Measuring TV Program Engagement
One of the problems with measuring the viewership of television programming is that counting viewers doesn’t give advertisers or programmers any information about how engaged the viewers are with the content. Two Australian firms, PBL Media’s Nine Network and Neuro-Insight, have launched an effort dubbed PEP – program engagement power – to rectify that.
Engagement means different things to different marketers, but Neuro-Insight defines the term as, “the sense of personal relevance and involvement that an individual feels in response to a portrayed situation. High engagement is associated with increased brain activity in a number of regions including the prefrontal and orbito-frontal cortex.”

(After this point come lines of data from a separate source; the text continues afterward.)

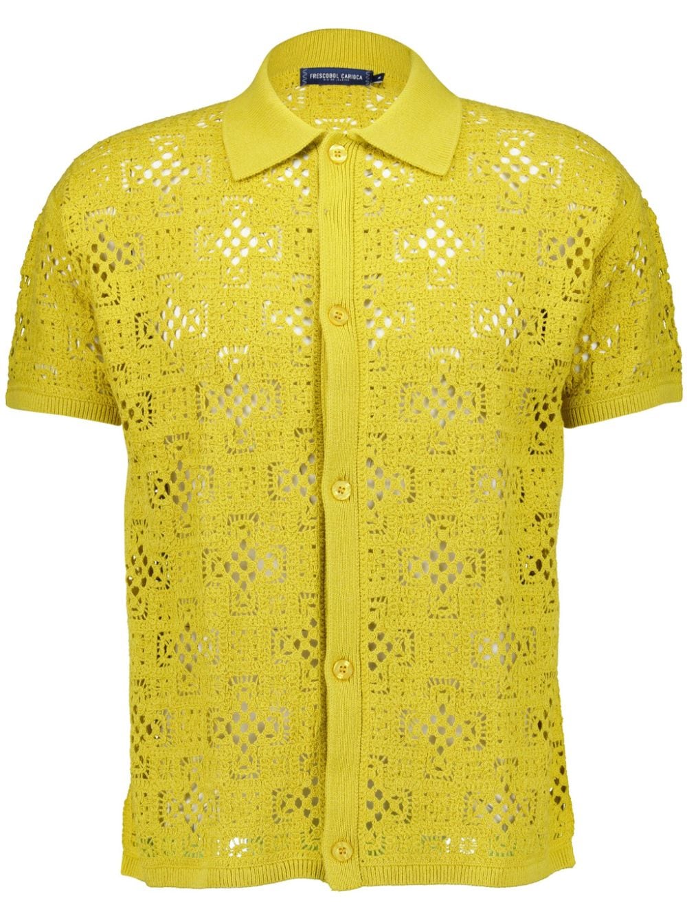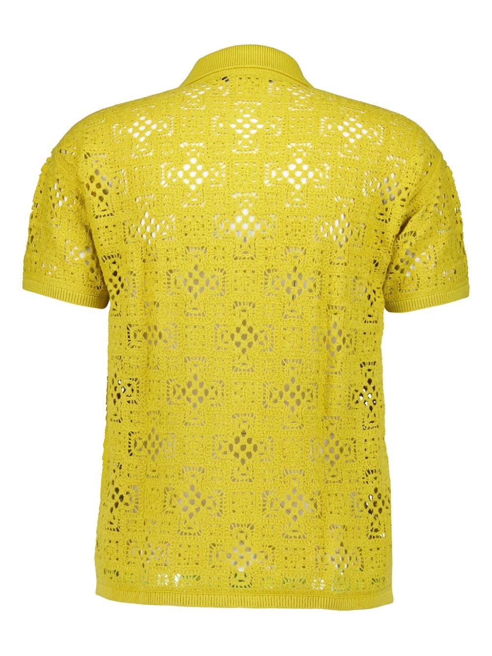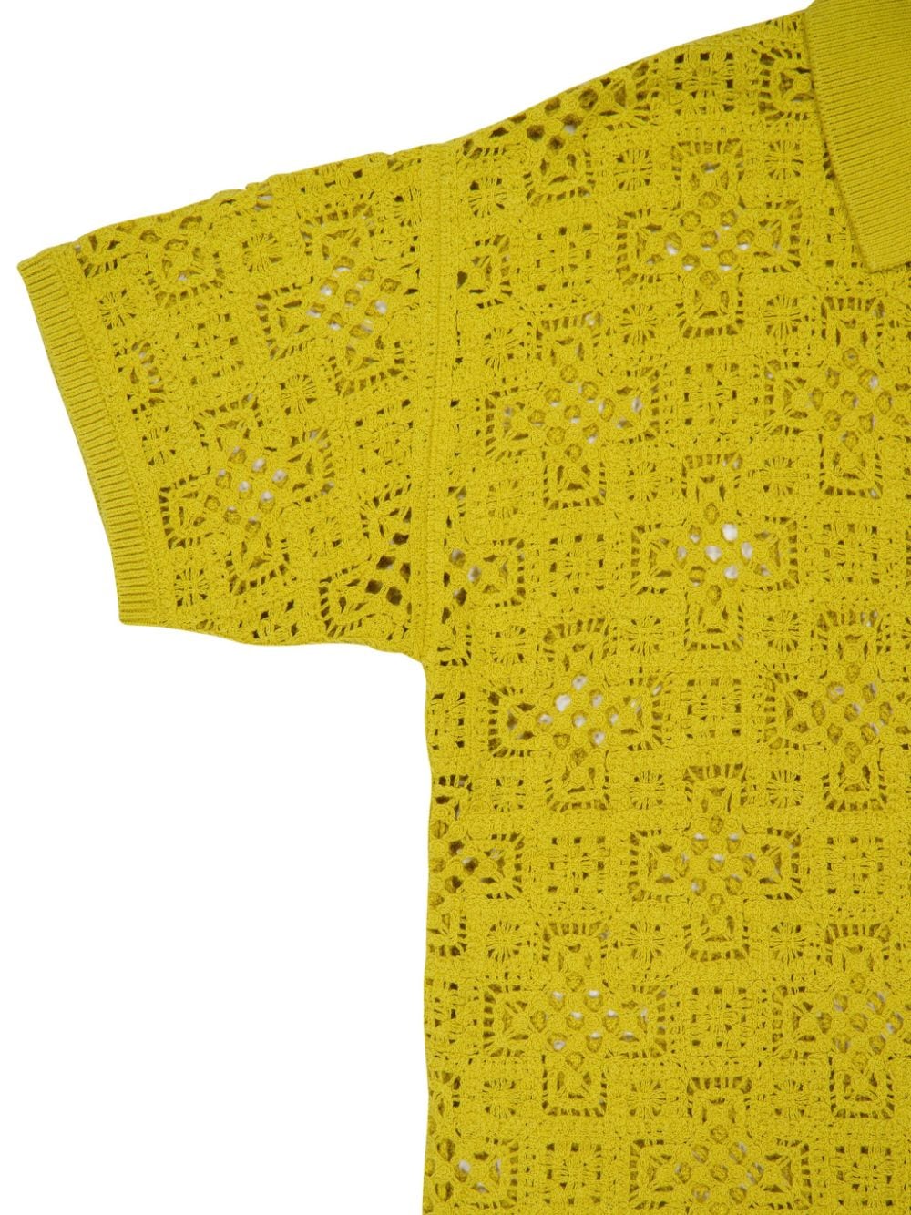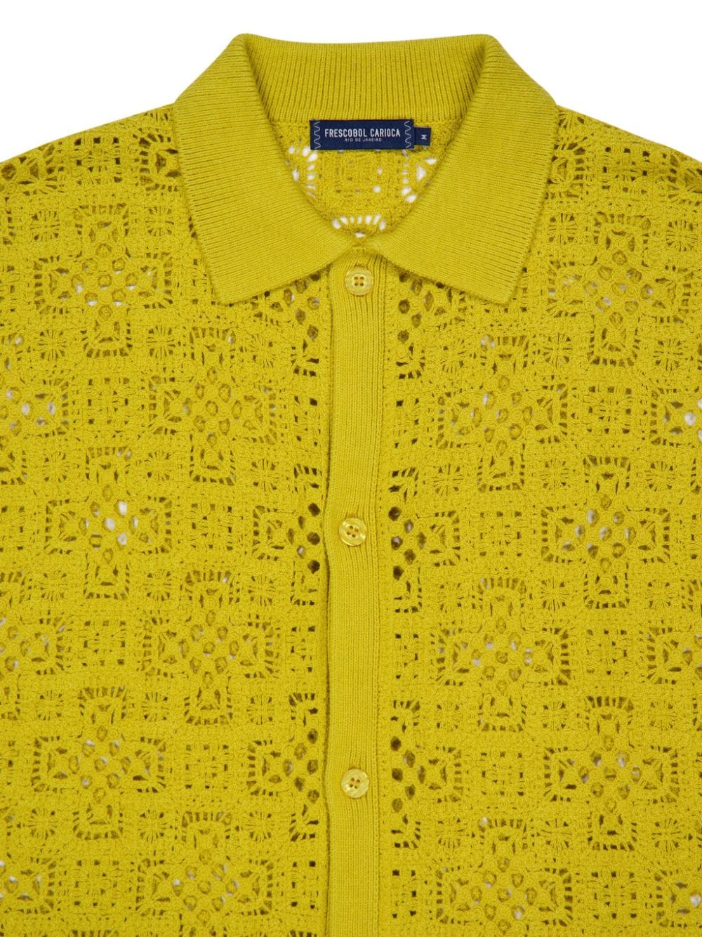 citron yellow cotton crochet spread collar front button fastening straight hem
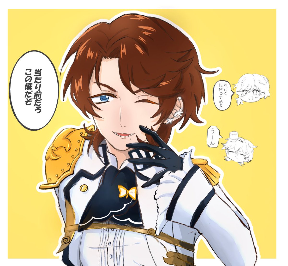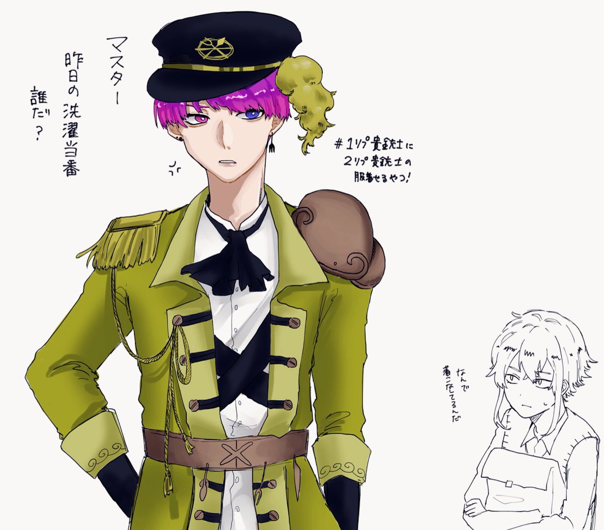 はちゃめちゃ遅くなりましたが いつぞやのタグやりました!!!楽しかった(*^-^*) お題提供ありがとうございました!! #1014R_FA #1番目にリプきた貴銃士に2番目にリプきた貴銃士の服を着せる twitter.com/lc_srsj1004/st…
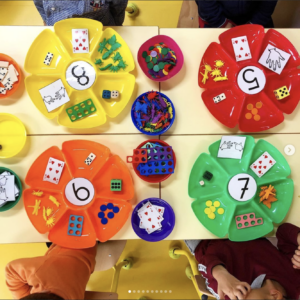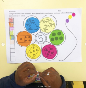 On choisit le chiffre ( soit le même pour tout le monde si on travaille un chiffre en particulier, soit au choix des enfants) et ils doivent remplir chaque pétale avec la quantité d’objet ou un objet représentant la quantité demandée ! Avec plein d’objets au choix ( domino, dés, numicon, animaux de tri, cartes, jetons …)
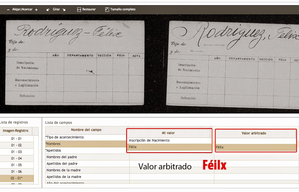 Hasta ese momento el indexador llevaba un 98% de concordancias y luego de este arbitraje su efectividad bajó al 96%. Evidentemente esto desanima a cualquiera. Es de suma importancia que una vez que nos convertimos en árbitros de FamilySearch Indexing leamos las instrucciones del Proyecto a arbitrar y sobre todo no vayamos con tanta prisa.
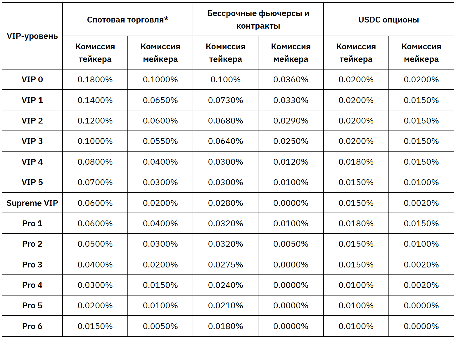 Комиссии стартуют от 0.1% на споте и 0.06% на фьючерсах. По мере роста торговых объемов ставки постепенно снижаются. Если на споте выйти в мейкеры, то со второй ступени можно торговать вообще без комиссий.
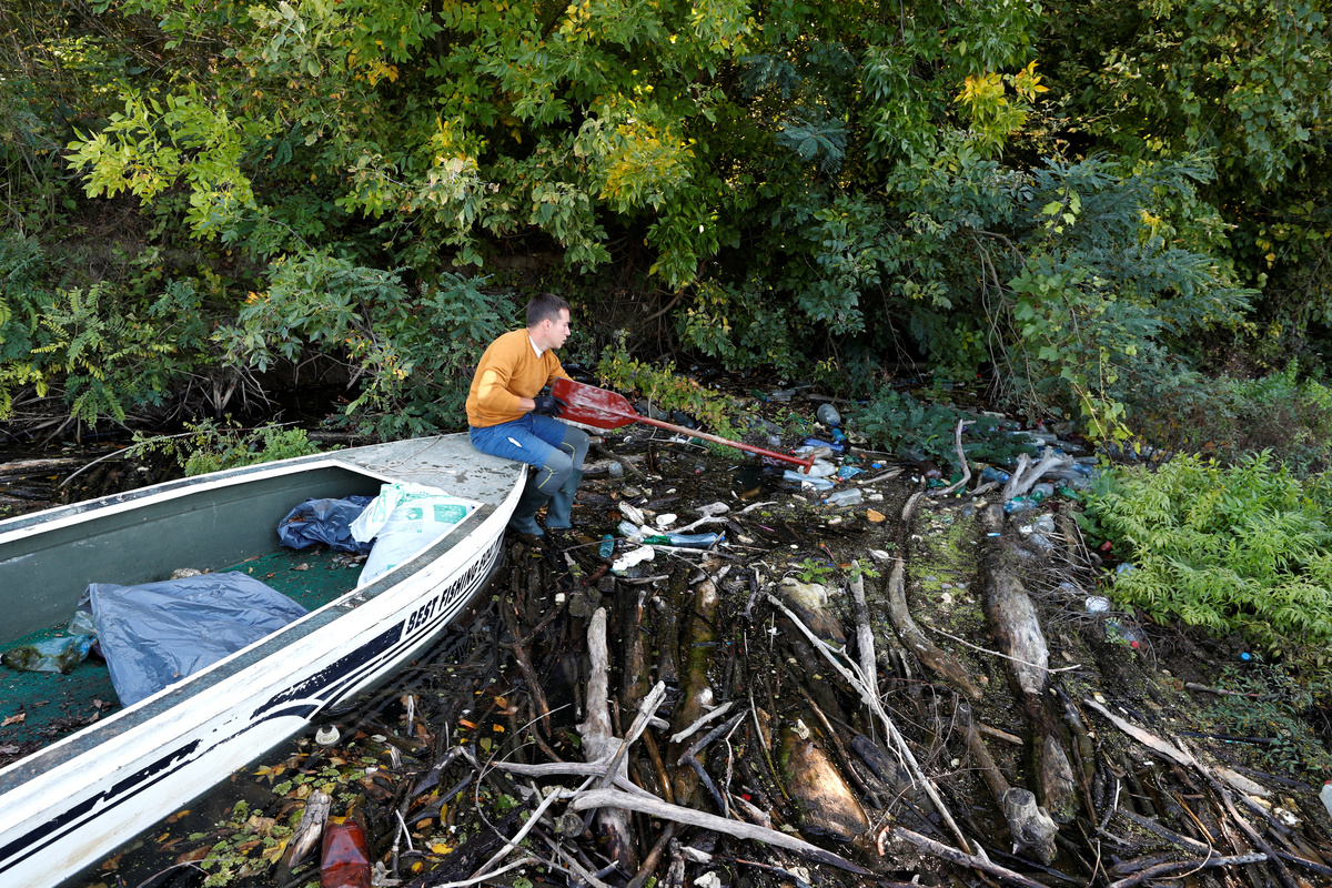 TISZAFURED, Hungary (Reuters) - Bence Pardy spent his summers as a child by Hungary's second main river, the Tisza. Now, at 32, he has given up his job to move back there permanently to collect plastic waste which pollutes its waters.
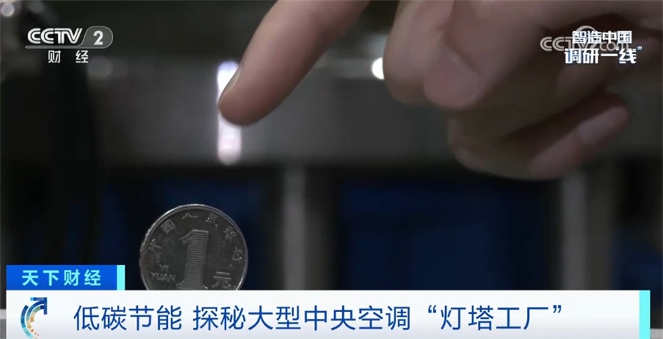 我現(xiàn)在走進(jìn)的這個(gè)區(qū)域是空調(diào)產(chǎn)線(xiàn)的末端——檢測(cè)平臺(tái)。每一臺(tái)空調(diào)出廠(chǎng)前都要在這里經(jīng)過(guò)全方位的檢測(cè)。眼前這就是一臺(tái)正在運(yùn)轉(zhuǎn)的氣懸浮中央空調(diào),我們?cè)诳照{(diào)上立了一枚硬幣,可以看到是紋絲不動(dòng)的,這也是氣懸浮的特點(diǎn)之一——運(yùn)行比較平穩(wěn)。在這塊屏幕上顯示著空調(diào)的出水溫度7℃,恒定的出水溫度讓這臺(tái)空調(diào)產(chǎn)生的冷風(fēng)非常柔和。目前,這座工廠(chǎng)全流程的自動(dòng)化生產(chǎn)能夠滿(mǎn)足從小型商用空調(diào)生產(chǎn)到用戶(hù)需求的大規(guī)模定制。目前低能耗、智能化產(chǎn)品已應(yīng)用在商業(yè)地產(chǎn)、酒店、軌道交通等各種場(chǎng)景,極大程度助力著國(guó)家“雙碳”政策以及各大行業(yè)的低碳轉(zhuǎn)型。
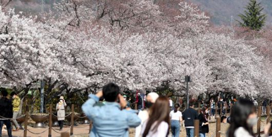 25일 오후 경남 창원시 진해구 경화역공원을 찾은 시민이 벚꽃 구경을 하고 있다. 창원시는 지난해에 이어 올해도 전국 최대규모 벚꽃 축제인 진해 군항제를 취소했다. 연합뉴스 |
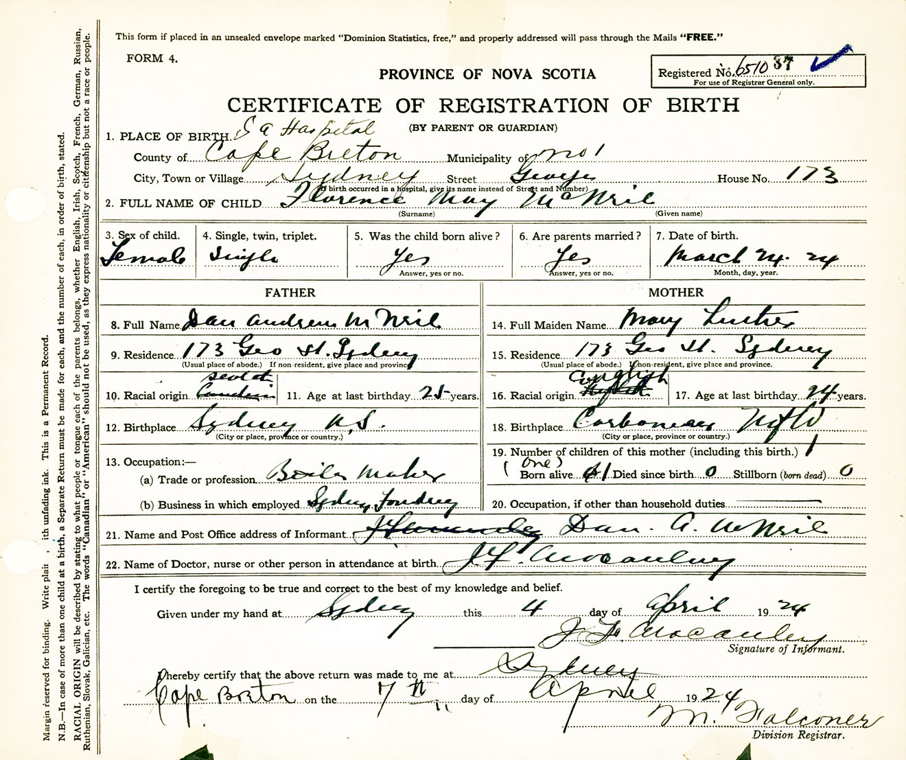 Female Birth Registration: Year: 1924 number: 65100037
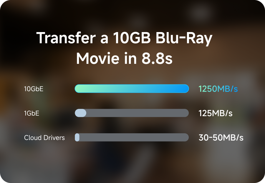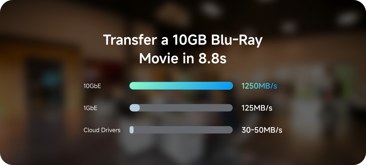 10GbE networking delivers ultra-fast transfers for cross-team workflows, massive file handling, and heavy multitasking with ease.

Neuro-Insight uses EEG technology, which measures brain activity with a headset and allows relatively comfortable viewing of programs, marketing materials, etc. They note that “no gel, head-shaving or metal electrodes.” Lack of head-shaving no doubt expands the potential base of subjects. The headsets do use a few “small felt sensors, soaked in a saline solution,” though.
One of the results of the initial PEP work was the finding that a show with a modest audience share, Australia’s Funniest Home Videos, scored very well for viewer engagement. Another show, targeted at a female audience, was found to have higher engagement levels with male viewers. The full article by Neil Shoebridge of The Australian Financial Review is here (subscription required).
What does engagement mean for programmers and advertisers? Programmers might well take high engagement levels as encouragement that viewers are responding and may exhibit higher loyalty to the show. Will higher engagement with the content mean better results for advertisers? That’s hard to say, although Neuro-Insight no doubt has the answer: measure engagment levels with the commercials, too.